Schön zu lesen, dass es auch so geht, und die Menschen nicht durch Rentenkürzkung und Armut dazu getrieben werden, länger zu arbeiten.

13 Jahre zuvor

Könnte ich mir das Hubersche Knie kurz ausleihen? Ich würde gerne wissen, wie das Wetter in den ersten Juniwochen in der Gegend um Coburg so sein wird 🙂 ..

Tanja
13 Jahre zuvor

Ich dachte, Carlos wäre der Mann im Keller? Oder ist das ein anderer Keller? 😉

bee
13 Jahre zuvor

Warum soll man die Erfahrung eines alten Hasen brachliegen lassen? Ich bin mir sicher, dass er vor allem für Auszubildende von großem Vorteil ist, so einen Ansprechpartner zu haben, der im Bestatterberuf schon so gut wie alles erlebt haben dürfte.

adriana
13 Jahre zuvor

Für Euch und den Huber mag das eine Win-Win-Situation sein.

Im Gesamtbild find ich es aber einfach nur erschreckend und erschütternd, dass die (Lohn-/Erwerbs-)Arbeit das Leben der Menschen so sehr beherrscht, dass sie ohne einfach nur wegsterben würden. Was da für eine Perversion dahintersteckt, gehört zwar nicht hier her, sollte aber viel öfter mal überdacht werden.

13 Jahre zuvor

@Adriana: Warum Perversion? Der Mensch ist ein Sozialtier, er braucht Aufgaben. Viele Leute sind alleine, sie haben ihren Lebensrhythmus und werden von jetzt auf gleich gezwungen, den komplett umzukrempeln. Das ist für keinen gesund – Tom hats ausgedrückt: „Ein tiefes Loch“. Man fühlt sich nicht mehr gebraucht, und darauf kommts doch an.
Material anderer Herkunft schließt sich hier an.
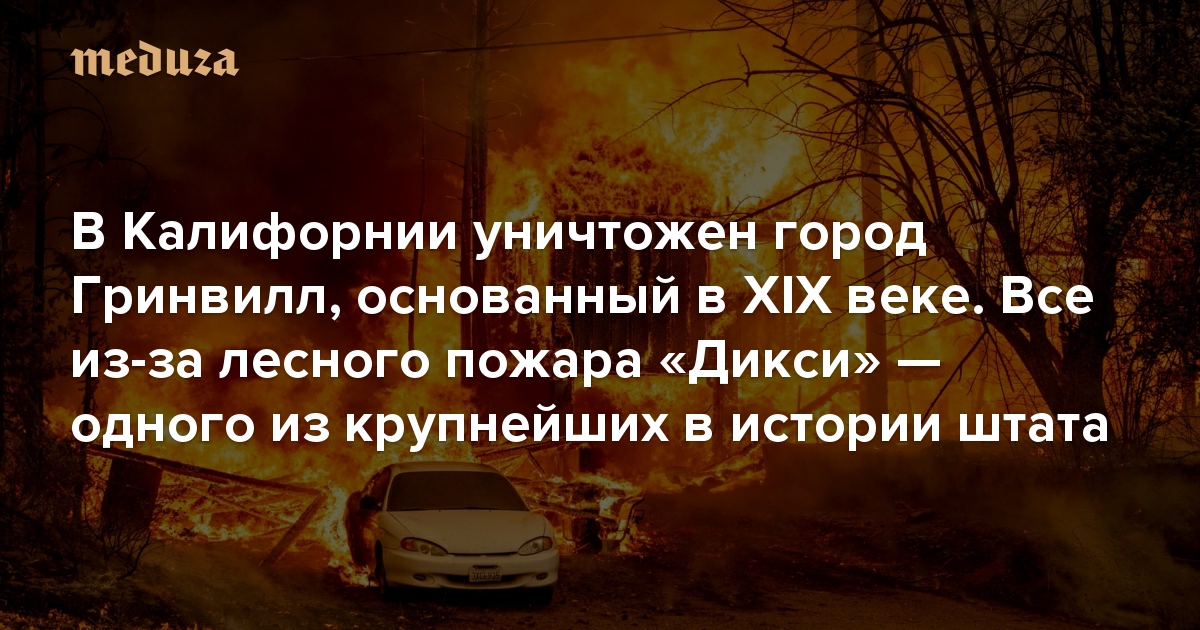 На севере и западе США зафиксировано 100 активных природных пожаров, из них 12 в Калифорнии. Крупнейшим на территории штата является пожар «Дикси», который начался 14 июля — вероятно, из-за дерева, упавшего на линию электропередачи. Пожар охватил территорию, превышающую 1700 квадратных километров, и занял третье место в списке самых обширных лесных пожаров в истории Калифорнии. На этой неделе «Дикси» практически уничтожил Гринвилл — городок примерно на тысячу жителей, который был основан в северной Калифорнии в XIX веке во время золотой лихорадки. К жертвам пожар пока не привел. Вот как выглядят пострадавшие от огня районы.

Tom braucht ihn, aber der alte Huber braucht ihn genauso. Der Lohn ist da zweitrangig, wichtig ist in erster Linie, dass jemand gebraucht wird. Und das Gefühl wird gerade den Alten in den Verwahranstalten aka. altenheim komplett genommen.

Nee is schon gut so.

adriana
13 Jahre zuvor

@Tante Jay:
Zum Spezialfall Huber schrieb ich ja schon, das mag für beide eine Win-Win-Situation sein und wollte das im Speziellen nicht schlechtschreiben.
Nix gegen Aufgaben, beim Sozialtier scheiden sich zwar die Geister, aber lassen wir das mal so stehen.
Die Perversion ist da, wo der sinnstiftende (!) Lebensinhalt der Menschen die Lohn-/Erwerbsarbeit ist. Dass es zu den großen Lebenskrisen gehört, vom Arbeits- ins Rentenalter überzugehen, ist unbestritten, darum geht ’s mir aber gar nicht. Es geht mir darum, dass sich die Perspektive insgesamt auf eine Art und Weise verschoben hat, die der aktuellen und erst Recht der kommenden Realität (=bei weitem nicht genug entlohnte Arbeitsplätze für alle potentiell arbeitsfähigen Personen) nicht mehr gerecht werden kann. Daraus ergibt sich das bekannte ökonomische Problem, aber eben auch ein nicht zu verachtendes psychosoziales, und letzteres wird komplett außer Acht gelassen. Die Probleme, die da noch kommen werden, werden massiv sein.

Arno Nühm
13 Jahre zuvor

[quote]Meinetwegen kann Huber noch bis zu seinem Lebensende hierhin kommen, meinetwegen kann er mit dem Hobel in der Hand umfallen, wenn er das so will.[/quote]
Hofentlich findet Ihr den nicht mal selig lächelnd in einer fertig ausgeschlagenen Holzkiste vor.

DerBayer
13 Jahre zuvor

@adriana

Aber Arbeit muss doch sinnstiftend sein. Sonst macht es keinen Spaß mehr. Man definiert sich auch über seinen Job weil man einen wählt, der zu einem passt und der einem gefällt (wenn es irgendwie möglich ist). Einen großen Teil des sozialen Umfeld hat man auch am Arbeitsplatz. Sinnstiftender gehts meiner Meinung nach kaum. Und falsch ist es somit wohl auch nicht.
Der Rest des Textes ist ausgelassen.